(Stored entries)
* * *
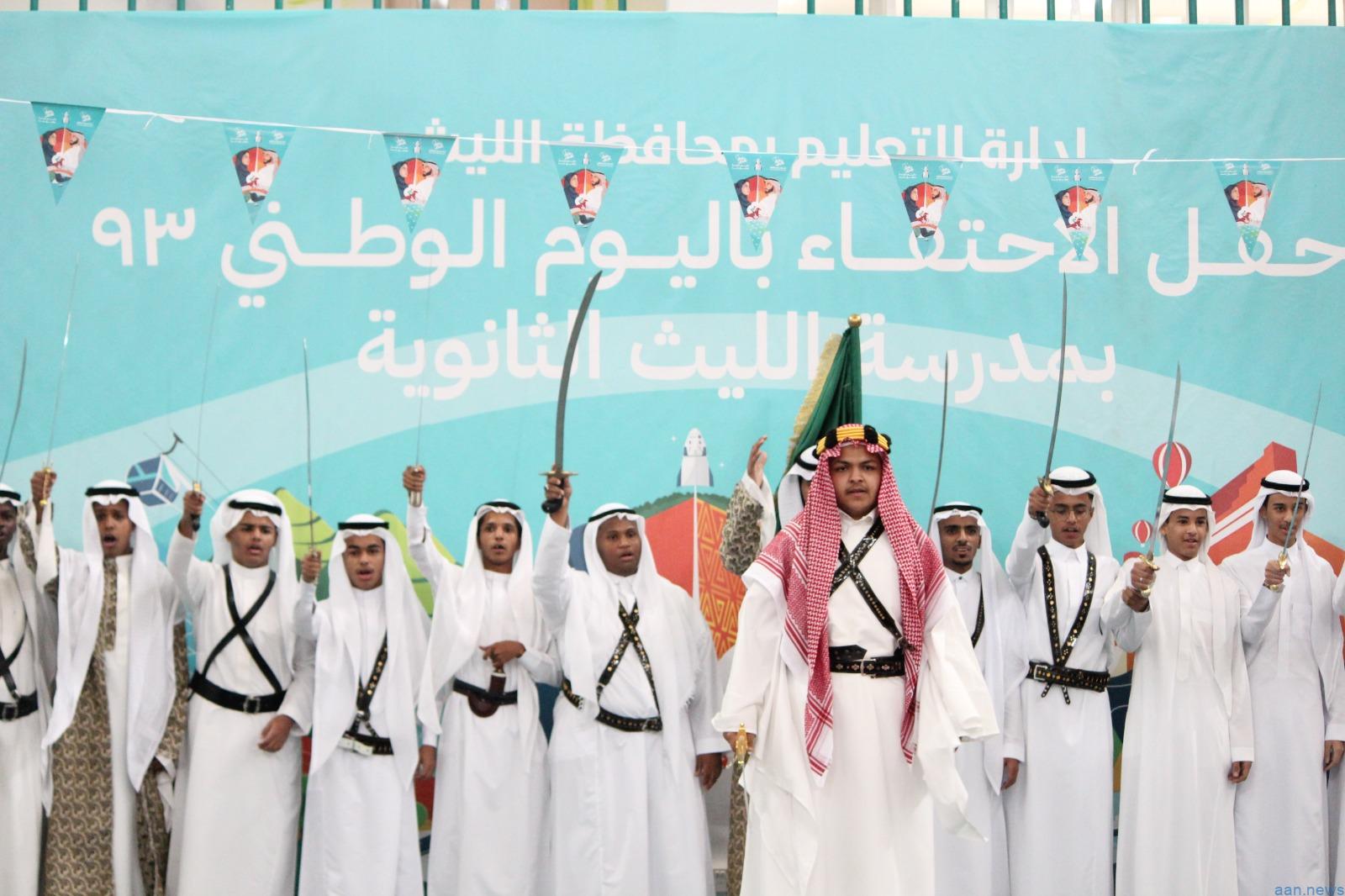 رعى محافظ الليث عمران بن حسن الزهراني ، وبحضور مدير التعليم الدكتور زكي بن رزيق الحازمي ، احتفال اليوم الوطني الثالث والتسعين للمملكة العربية السعودية في مدرسة الليث الثانوية .
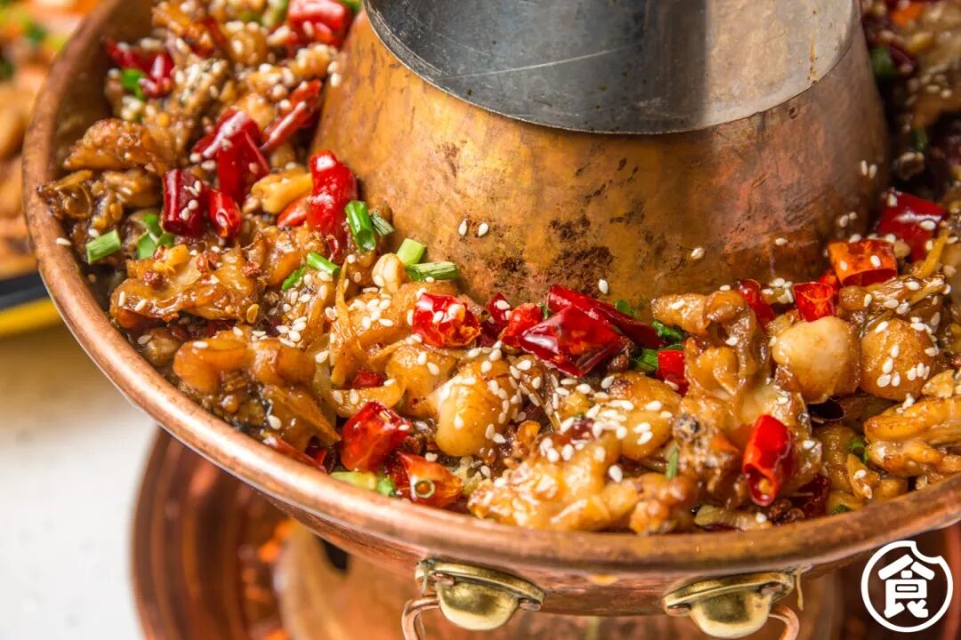 锅内的香辣牛蛙丰满紧致,金黄油亮
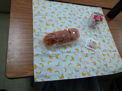 今日は、コッペパン・牛乳・リンゴジャムした。
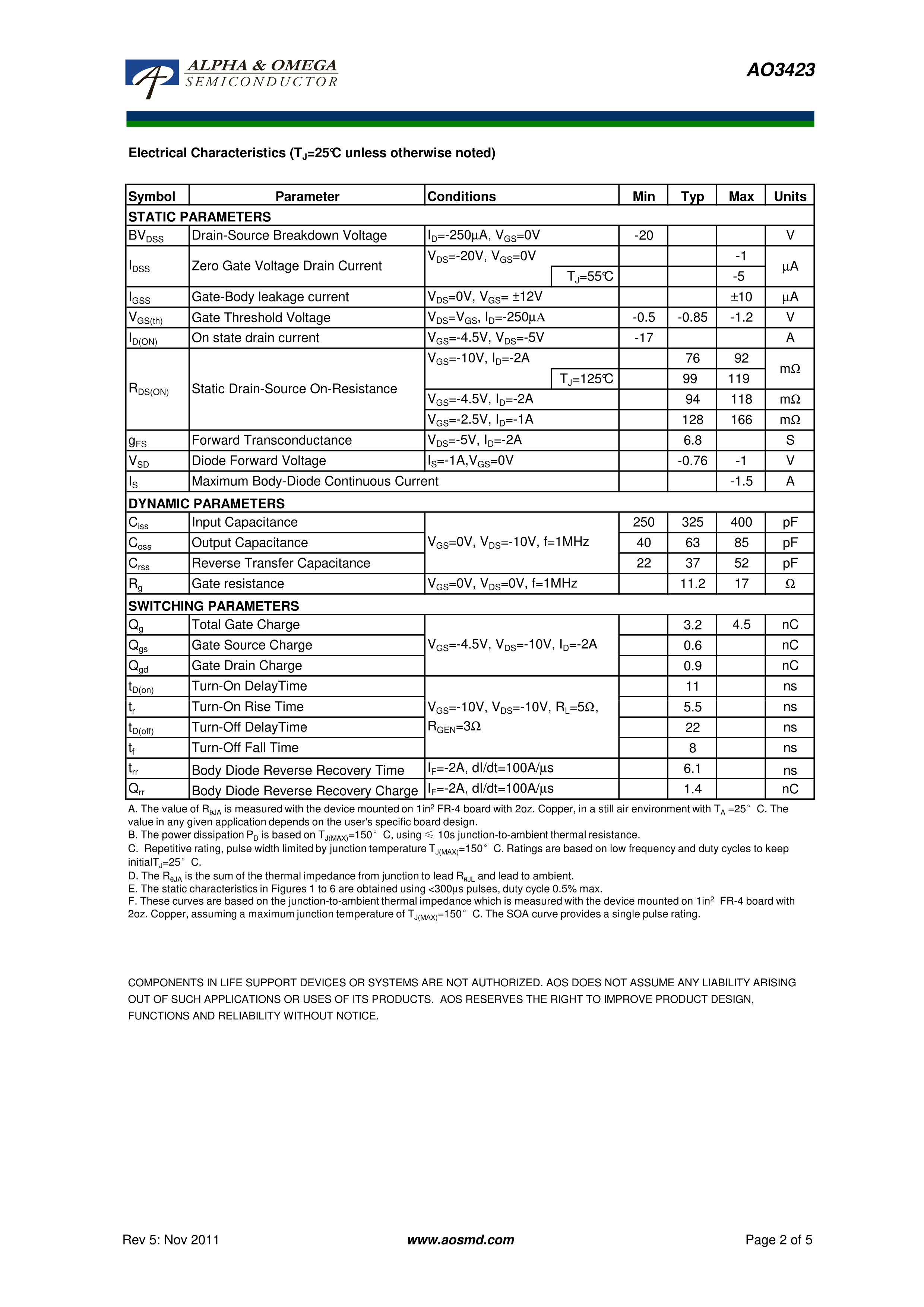 AO3423数据手册SOT-23-3L封装AOSPDF规格书,中英文下载
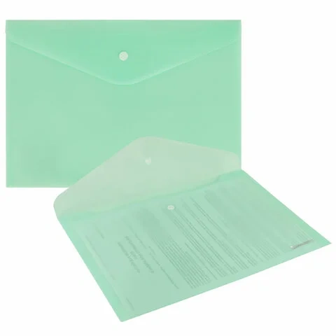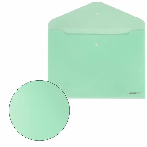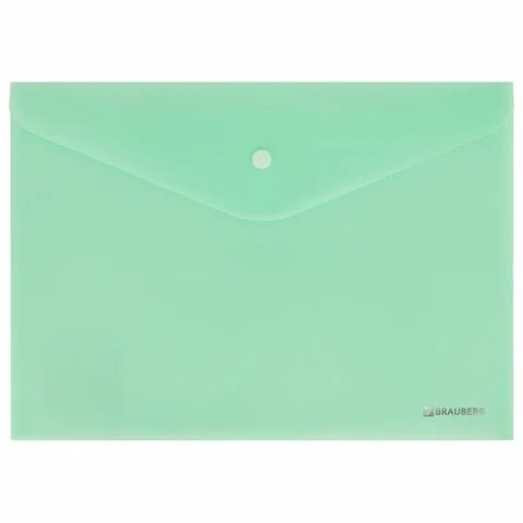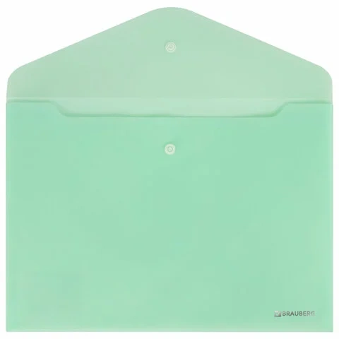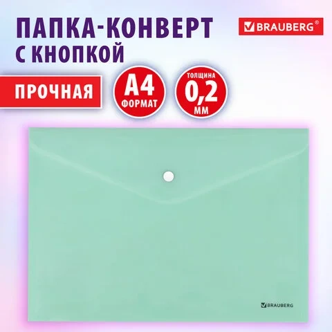 Папка-конверт с кнопкой BRAUBERG 'Pastel', А4, матовая непрозрачная, мятная, ПРОЧНАЯ 0,2 мм, 272883
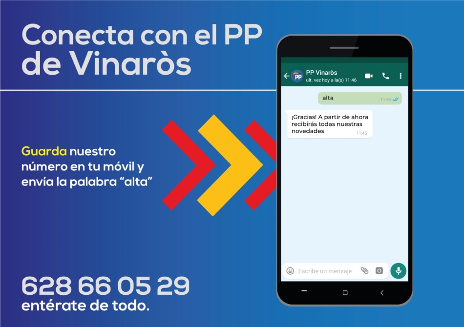 Hace pocos días alcanzamos los más de 500 suscriptores y por ello queremos dar las gracias a todos aquellos que habéis guardado el número de teléfono del PP de Vinaròs (628 660 529) y después habéis enviado la palaba “ALTA” para empezar a recibir las noticias e informaciones de interés para vosotros.
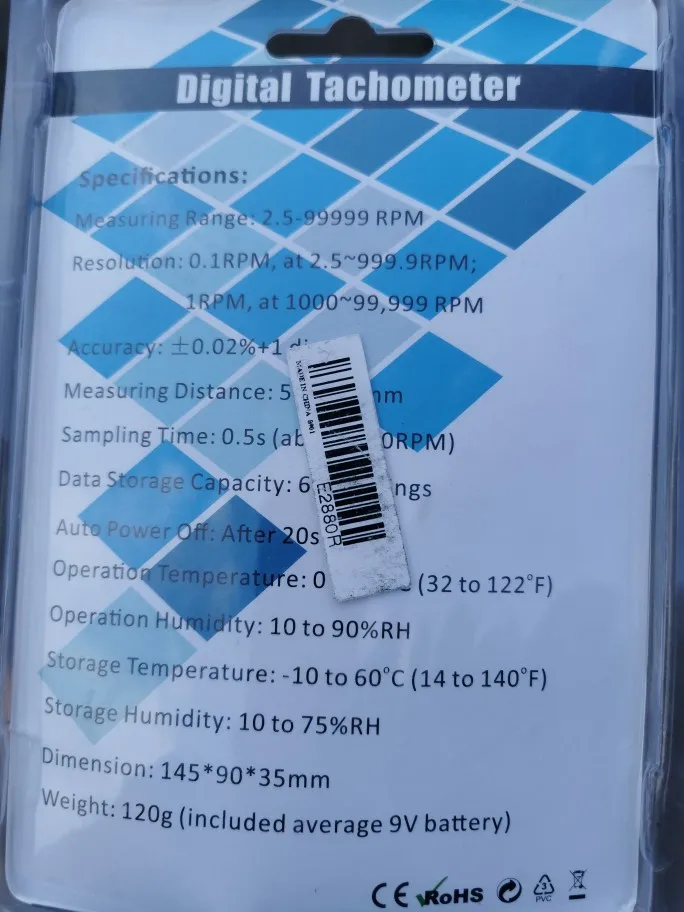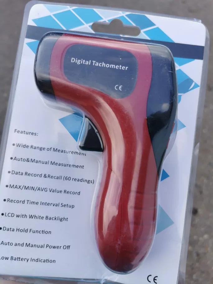 Этот Тахометр является инструментом высокого качества для измерения оборотов в минуту (об/мин) с широким диапазоном измерения и высоким разрешением. Он отличается высокой точностью измерения, быстрым измерением времени и дальним расстоянием обнаружения до 500 мм (20 дюймов) с лазером. Этот Тахометр очень прост в использовании, применяя светоотражающую ленту (входит в посылка) на целевой объект, а затем направляйте на отметку лазерным лучом. Этот Тахометр имеет широкий спектр применений, таких как измерение скорости вращения машины, моторов, колес, токарного станка для работы по металлу или дереву и т. д.Особенности:Бесконтактный Ручной цифровой тахометр со стабильной производительностью.Автоматические и ручные режимы измерения для выбора.Широкий диапазон измерения (2,5 до 99999 оборотов в минуту) и с высоким разрешением.Макс./мин./AVG. Функция записи значений.Функция удержания данных, запись данных и отзыв (60 показаний).ЖК-экран с белой подсветкой, легко читается.Способен измерять на расстоянии от 2-20 дюймов (50-500 мм).Автоматическое и ручное выключение питания.Индикация низкого заряда батареи.Характеристики:Цвет: синий/красный(Опционально)Материал: АБС-пластикДиапазон измерения: 2,5-99999 ОБ/минРазрешение: 0,1 оборотов в минуту при 2,5 ~ 999,9 ОБ/мин (1 шт.), оборотов в минуту при 1000 ~ 99999 об/минТочность: ± 0.02% + 1 цифраРасстояние измерения: 50 ~ 500 мм/2 ~ 20 дюймовВремя выборки: 0.5s (выше 120 об/мин)Объем хранения данных: 60 показанийАвтоматическое выключение: после 20sРабочая температура: от 0 до 50 ° (от 32 до 122 °)Рабочая влажность: от 10 до 90% относительной влажностиТемпература хранения: от-10 до 60 ° (от 14 до 140 °)Влажность хранения: от 10 до 75% относительной влажностиПитание: 1*9V 6F22 батарея (не входит в комплект)Размер изделия: 145*90*35 мм/5,7*3,54 * 1.4inВес изделия: 79 г/2,81 унцийПосылка Размеры: 20*14*4 см/7,87*5,5 * 1.57inВес посылка: 134 г/4,73 унцийПримечание:1. Перед измерением необходимо наклеить светоотражающую ленту на целевой объект.2. Не направляйте лазерный луч непосредственно на глаза; Рекомендуется безопасные очки.3. Не используйте его вблизи взрывоопасных газов или в других взрывоопасных областях.Посылка:1 * цифровой тахометр1 * светоотражающая лента1 * Руководство пользователя (на английском языке)
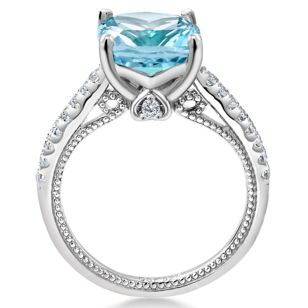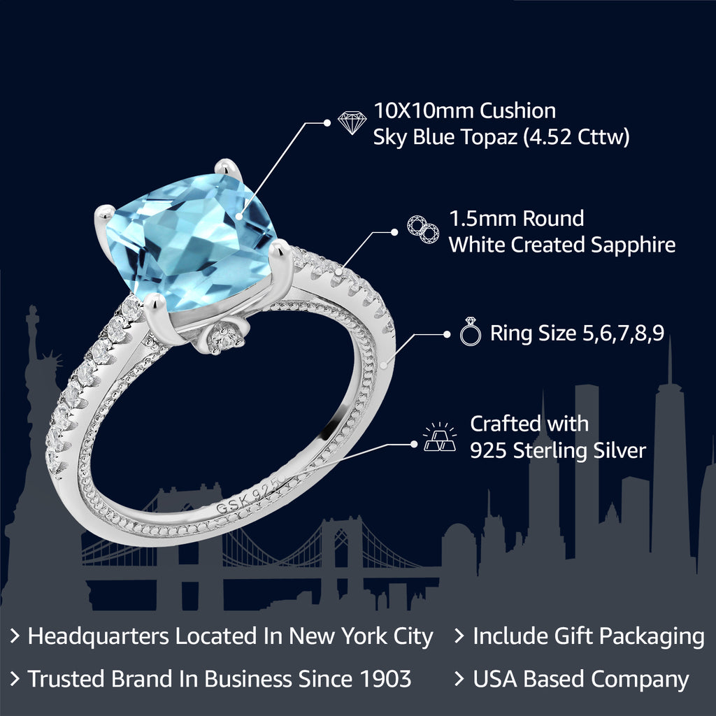4.52 Cttw Sky Blue Topaz and White Created Sapphire Engagement Ring For Women | 925 Sterling Silver | Cushion 10MM | Wedding Engagement Anniversary Promise Ring For Women
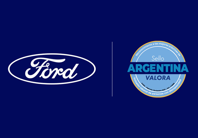 Ford Argentina agradece a la Red de Empresas Inclusivas de la República Argentina, por haberla reconocido con el sello de «Argentina Valora», una distinción pública que otorga a las empresas públicas y privadas que se destacan el trabajo en materia de inclusión laboral -concreta y demostrable- de personas con discapacidad. Ford es la primera y única automotriz en recibir este sello.
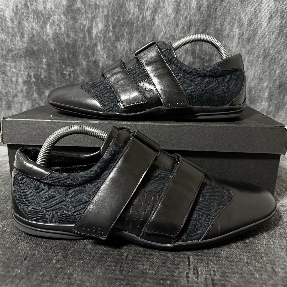 イタリア製 GUCCI GUCCI レザースニーカー ベルクロスニーカー カジュアルスニーカー ブラック系 40 1/2 25.0cm相当 *DP
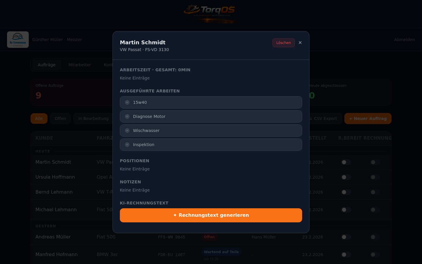TorqOS digitalisiert deine Werkstatt – von der Auftragserfassung bis zur Rechnung. Schnell, sicher und ohne IT-Kenntnisse.
* * *
What the task asks: The whole of the data needs to be copied word for word, though not its pictures.

Solution to this problem:
 رعى محافظ الليث عمران بن حسن الزهراني ، وبحضور مدير التعليم الدكتور زكي بن رزيق الحازمي ، احتفال اليوم الوطني الثالث والتسعين للمملكة العربية السعودية في مدرسة الليث الثانوية .
 锅内的香辣牛蛙丰满紧致,金黄油亮
 今日は、コッペパン・牛乳・リンゴジャムした。
 AO3423数据手册SOT-23-3L封装AOSPDF规格书,中英文下载
 Папка-конверт с кнопкой BRAUBERG 'Pastel', А4, матовая непрозрачная, мятная, ПРОЧНАЯ 0,2 мм, 272883
 Hace pocos días alcanzamos los más de 500 suscriptores y por ello queremos dar las gracias a todos aquellos que habéis guardado el número de teléfono del PP de Vinaròs (628 660 529) y después habéis enviado la palaba “ALTA” para empezar a recibir las noticias e informaciones de interés para vosotros.
 Этот Тахометр является инструментом высокого качества для измерения оборотов в минуту (об/мин) с широким диапазоном измерения и высоким разрешением. Он отличается высокой точностью измерения, быстрым измерением времени и дальним расстоянием обнаружения до 500 мм (20 дюймов) с лазером. Этот Тахометр очень прост в использовании, применяя светоотражающую ленту (входит в посылка) на целевой объект, а затем направляйте на отметку лазерным лучом. Этот Тахометр имеет широкий спектр применений, таких как измерение скорости вращения машины, моторов, колес, токарного станка для работы по металлу или дереву и т. д.Особенности:Бесконтактный Ручной цифровой тахометр со стабильной производительностью.Автоматические и ручные режимы измерения для выбора.Широкий диапазон измерения (2,5 до 99999 оборотов в минуту) и с высоким разрешением.Макс./мин./AVG. Функция записи значений.Функция удержания данных, запись данных и отзыв (60 показаний).ЖК-экран с белой подсветкой, легко читается.Способен измерять на расстоянии от 2-20 дюймов (50-500 мм).Автоматическое и ручное выключение питания.Индикация низкого заряда батареи.Характеристики:Цвет: синий/красный(Опционально)Материал: АБС-пластикДиапазон измерения: 2,5-99999 ОБ/минРазрешение: 0,1 оборотов в минуту при 2,5 ~ 999,9 ОБ/мин (1 шт.), оборотов в минуту при 1000 ~ 99999 об/минТочность: ± 0.02% + 1 цифраРасстояние измерения: 50 ~ 500 мм/2 ~ 20 дюймовВремя выборки: 0.5s (выше 120 об/мин)Объем хранения данных: 60 показанийАвтоматическое выключение: после 20sРабочая температура: от 0 до 50 ° (от 32 до 122 °)Рабочая влажность: от 10 до 90% относительной влажностиТемпература хранения: от-10 до 60 ° (от 14 до 140 °)Влажность хранения: от 10 до 75% относительной влажностиПитание: 1*9V 6F22 батарея (не входит в комплект)Размер изделия: 145*90*35 мм/5,7*3,54 * 1.4inВес изделия: 79 г/2,81 унцийПосылка Размеры: 20*14*4 см/7,87*5,5 * 1.57inВес посылка: 134 г/4,73 унцийПримечание:1. Перед измерением необходимо наклеить светоотражающую ленту на целевой объект.2. Не направляйте лазерный луч непосредственно на глаза; Рекомендуется безопасные очки.3. Не используйте его вблизи взрывоопасных газов или в других взрывоопасных областях.Посылка:1 * цифровой тахометр1 * светоотражающая лента1 * Руководство пользователя (на английском языке)
4.52 Cttw Sky Blue Topaz and White Created Sapphire Engagement Ring For Women | 925 Sterling Silver | Cushion 10MM | Wedding Engagement Anniversary Promise Ring For Women
 Ford Argentina agradece a la Red de Empresas Inclusivas de la República Argentina, por haberla reconocido con el sello de «Argentina Valora», una distinción pública que otorga a las empresas públicas y privadas que se destacan el trabajo en materia de inclusión laboral -concreta y demostrable- de personas con discapacidad. Ford es la primera y única automotriz en recibir este sello.
 イタリア製 GUCCI GUCCI レザースニーカー ベルクロスニーカー カジュアルスニーカー ブラック系 40 1/2 25.0cm相当 *DP
TorqOS digitalisiert deine Werkstatt – von der Auftragserfassung bis zur Rechnung. Schnell, sicher und ohne IT-Kenntnisse.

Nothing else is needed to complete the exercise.